Exercise brief: Take the listing below and output it exactly, with no images.

Given information:
++++++
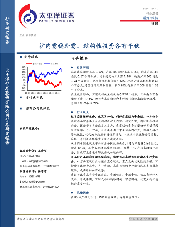 【太平洋证券】【20200215】建筑行业周报:扩内需稳外需,结构性投资各有千秋-22页
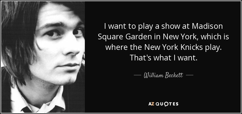 I want to play a show at Madison Square Garden in New York, which is where the New York Knicks play. That's what I want.
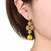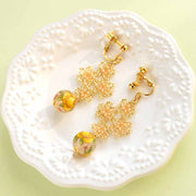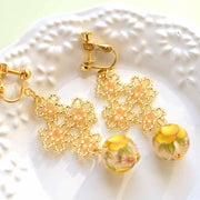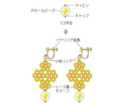 レース風モチーフとデカールビーズのイヤリング
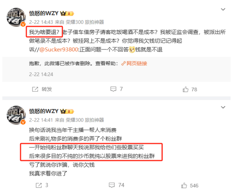 此事拉扯多年。近日舆论发酵后,王政源在社交平台回应称:一开始纯粉丝群聊天我说那我给他们些股票买买,后来很多目的不纯的沙币就纯以股票来进我的粉丝群。“亏了就说你诈骗,说你欠钱,我真求着你进了。”
++++++
Solution:
 【太平洋证券】【20200215】建筑行业周报:扩内需稳外需,结构性投资各有千秋-22页
 I want to play a show at Madison Square Garden in New York, which is where the New York Knicks play. That's what I want.
 レース風モチーフとデカールビーズのイヤリング
 此事拉扯多年。近日舆论发酵后,王政源在社交平台回应称:一开始纯粉丝群聊天我说那我给他们些股票买买,后来很多目的不纯的沙币就纯以股票来进我的粉丝群。“亏了就说你诈骗,说你欠钱,我真求着你进了。”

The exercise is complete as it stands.